Noticeably Preachy
Scoring Pattern
SPS 2.1-3.0→clear sermonic patterns, reader feels lectured to
Definition
SPS 2.1-3.0. Clear sermonic patterns that the reader can feel — the text is no longer merely advisory but has crossed into territory where the reader may feel lectured to, moralized at, or pressured. At this level, multiple SSI features score 3+ and several LPI categories show elevated density. The reader notices repeated moral framing, direct address with moral weight, and claims presented without adequate hedging. Op-eds with strong moral conviction, passionate advocacy writing, and motivational speeches often fall in this band.
Examples
Example 1
We cannot afford to be complacent. The truth is that every day of inaction is a day of complicity.
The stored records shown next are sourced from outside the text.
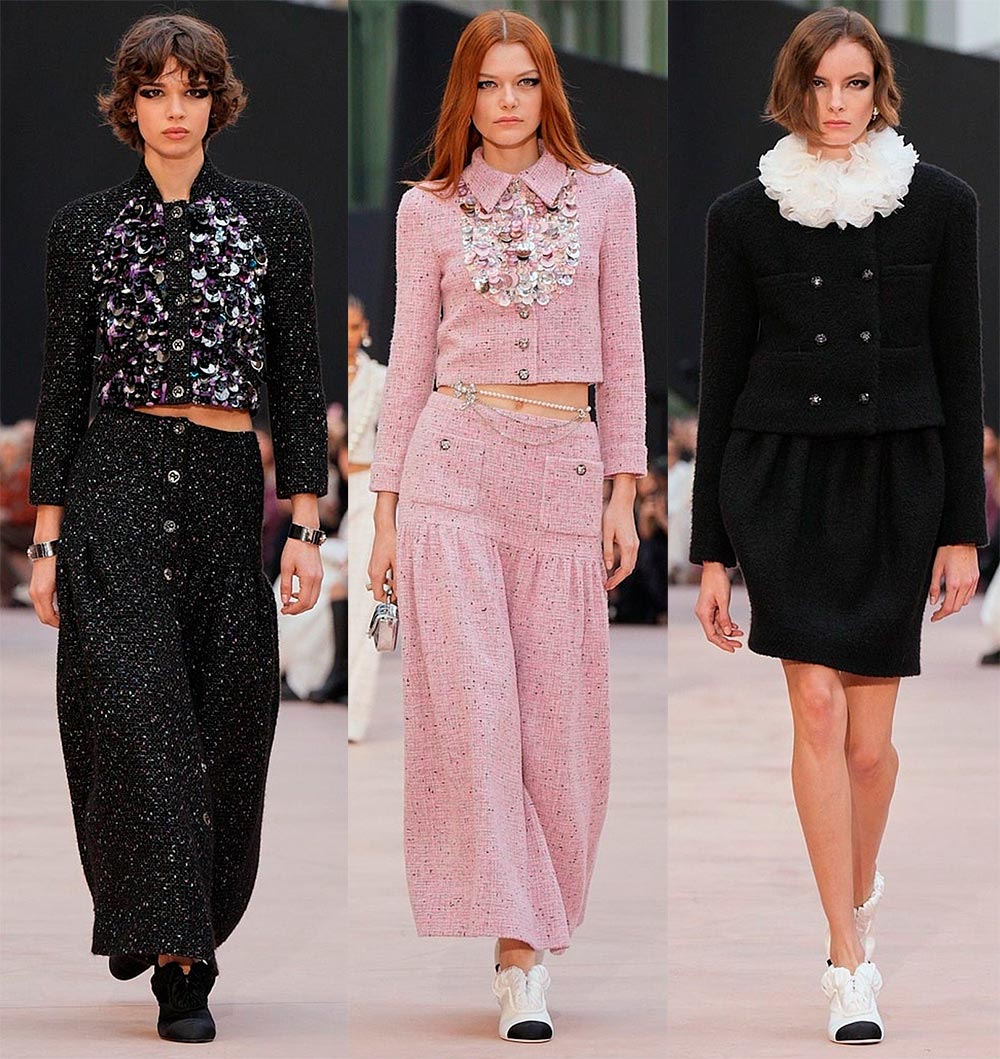 Сегодня дизайнеры предлагают выйти за рамки делового стиля. И конечно, обратимся к бренду Chanel, именно здесь можно найти такие костюмы. Костюм может быть и с юбкой мини, и с юбкой в пол, а твид, несомненно, тот материал, которому суждено быть в костюме. Мини-юбки подходят для создания смелых и экстравагантных образов, макси – идеально сочетаются с укороченными жакетами.
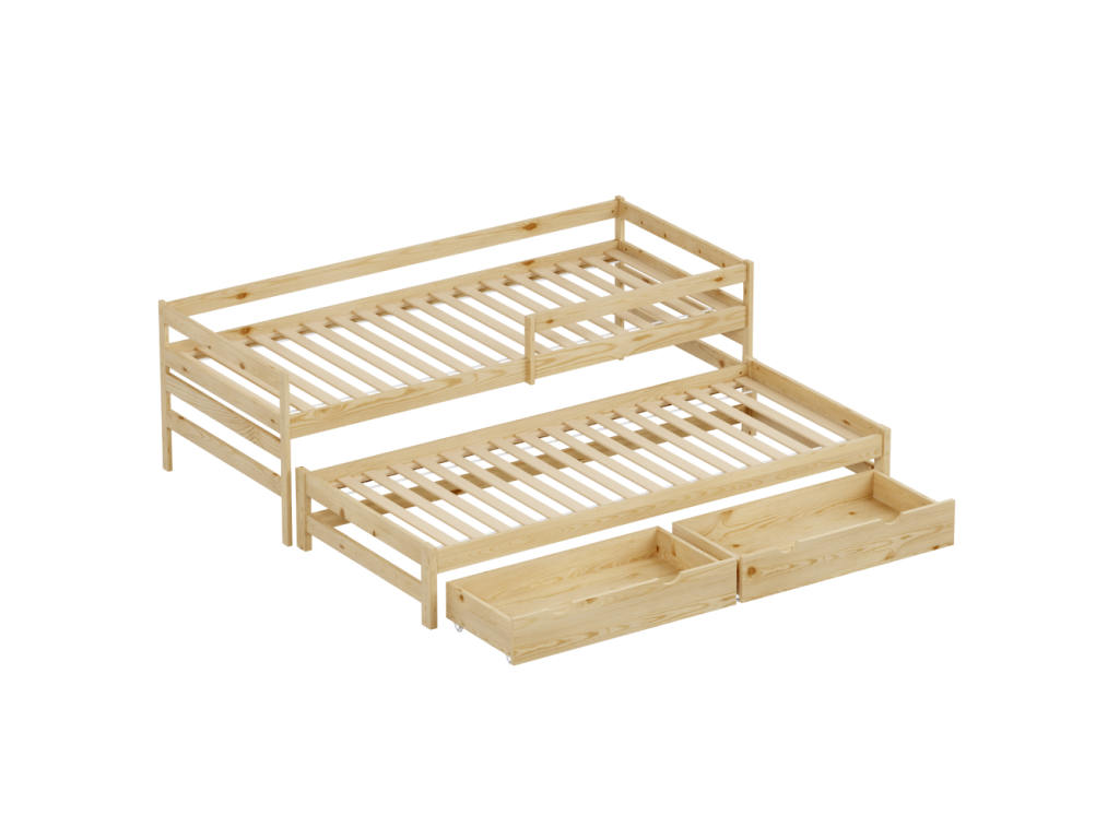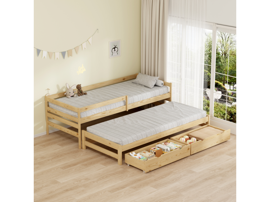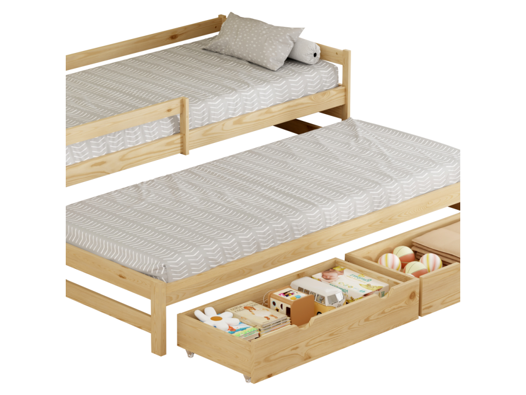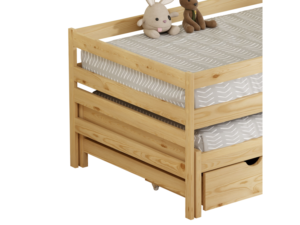Posteľ s prístelkou a úložným priestorom, 90x200, prírodná, ELARA
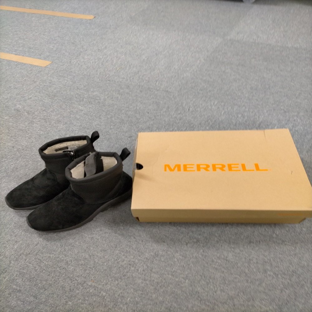 For : MERRELLのシックなブラックアンクルブーツです。様々なスタイルに合わせやすいシンプルなデザインで、カジュアルからきれいめまで幅広く活躍。やや傷や汚れはございますが、まだまだ普段使いにご着用いただけます。
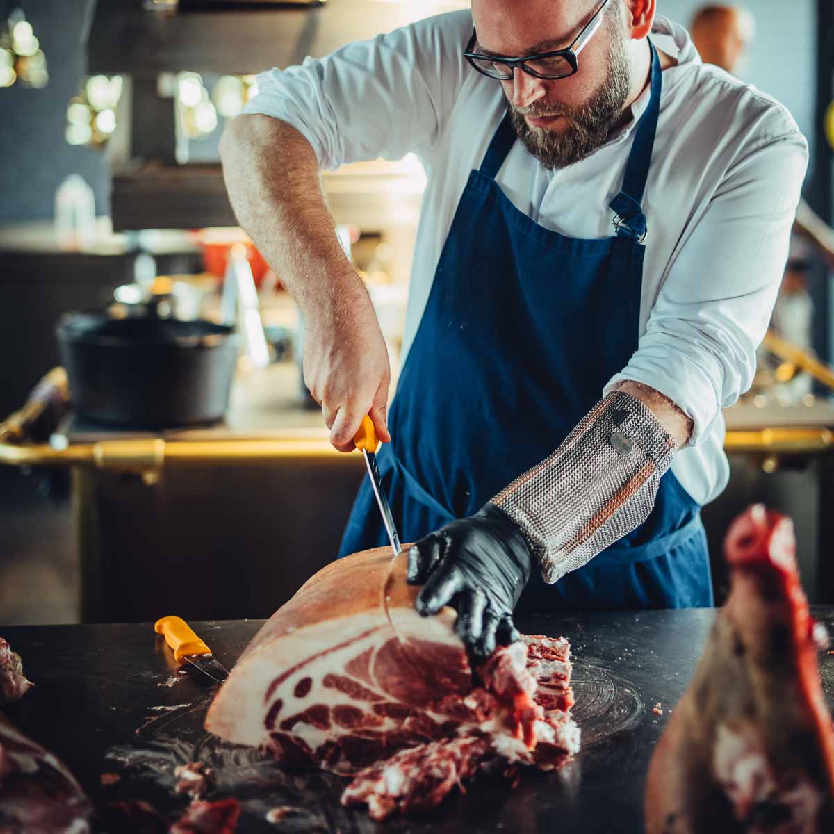 Wir starten mit einem Apéritif auf der Galerie, von der wir das Restaurant überblicken können. Herzstück ist ein imposanter Molteni-Herd, der indirekt Namensgeber des 100/200 ist: Bei 100 Grad kocht Wasser, der Ofen läuft auf 200 Grad – für Thomas Imbusch die Basis für "Essen, Emotionen und Ekstase".
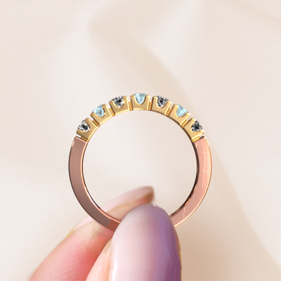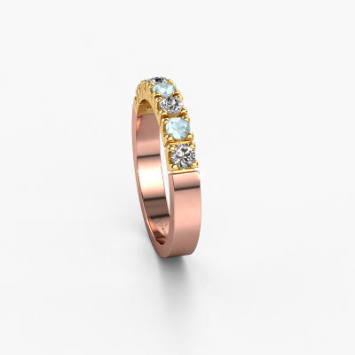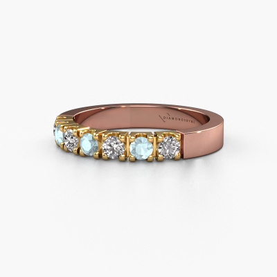 Dieser 7 Stone Ring wird Dana 7 genannt. Diese Art von Ring wird als Memoire ring bezeichnet, da seine Edelsteine in einer durchgehenden Linie angeordnet sind. Dadurch kann er einfach mit anderen Ringen kombiniert werden. Das Band dieses 14 Karat Roségold Ring ist in einer Kombination aus Aquamarin und Lab-grown Diamant besetzt. Sie können ganz einfach online die Kombination auswählen, die Sie bevorzugen. Wie Sie sehen, wird bei diesem Roségold Memoire Ring mehre Aquamarins gesetzt. Der Memoire ring steht für Zusammenwirken. Und genau das tun diese Edelsteine, zusammenwirken. Zusammen geben sie dem Band eines moderne Ring einen schönen Effekt! So ein bedeutungsvoller Ring, finden Sie nicht auch? Alle von uns ausgesuchten Aquamarins werden von unserem erfahrenen Goldschiede in Handarbeit eingefasst. Das ist eine präzise Aufgabe, die nur durch die Kombination von purer Handwerkskunst und dem Einsatz neuester Techniken erfolgreich durchgeführt werden kann, um eine optimale Wirkung zu erzielen. Um eine perfekte Lichtreflexion zu erzeugen, müssen alle Edelsteine auf die gleiche Weise perfekt ausgerichtet sein. Während der Fertigung wird der Goldschmied Meister daher ständig die Lichtreflexion überwachen, um zu gewährleisten, dass die Aquamarins perfekt ausgerichtet sind. Das erfordert eine geschickte Hand und viel Geduld, aber dann wird das Endprodukt zu einem echten Kunstwerk. Und genau das ist unsere Mission!Nach Erhalt Ihrer Bestellung beginnen unsere Goldschmiede mit Leidenschaft den kreativen Prozess und fertigen Ihren Ring in unserem eigenen Studio. Da wir keine großen Lager haben, werden diese Kosten nicht an Sie weitergegeben. Unsere Preisgestaltung ist der Beweis dafür! Wir bieten Schmuck zum niedrigsten Preis, garantiert.Unser Team von talentierten, leidenschaftlichen Designern fügt unserer Online-Kollektion täglich neue Ringe-Designs hinzu. Unser Ziel dabei ist es, Ihnen eine große Vielfalt an Schmuckstücken anbieten zu können. Bitte zögern Sie nicht, ein Angebot anzufordern, wenn Sie spezielle Wünsche für Ihren Ring haben. Wir garantieren Ihnen ein Angebot, das Sie nicht ablehnen können.Um es einfacher zu machen, bieten wir eine kostenlose 30-tägige Rücksendung.

You have the power — and the responsibility — to change this.
Multiple sermonic markers in a short passage: certainty language ("the truth is"), guilt trigger ("complicity"), second person moral address ("you have the responsibility"), and implicit call to action.
Example 2
It is time we stopped pretending this will fix itself. We know what needs to be done. The question is whether we have the courage to do it.
The passage frames inaction as pretense, claims shared knowledge, and challenges the audience's courage — clear sermonic pressure across multiple SSI features.
Example 3
How much longer can we accept the unacceptable? Our values demand better. Our conscience demands better. We demand better.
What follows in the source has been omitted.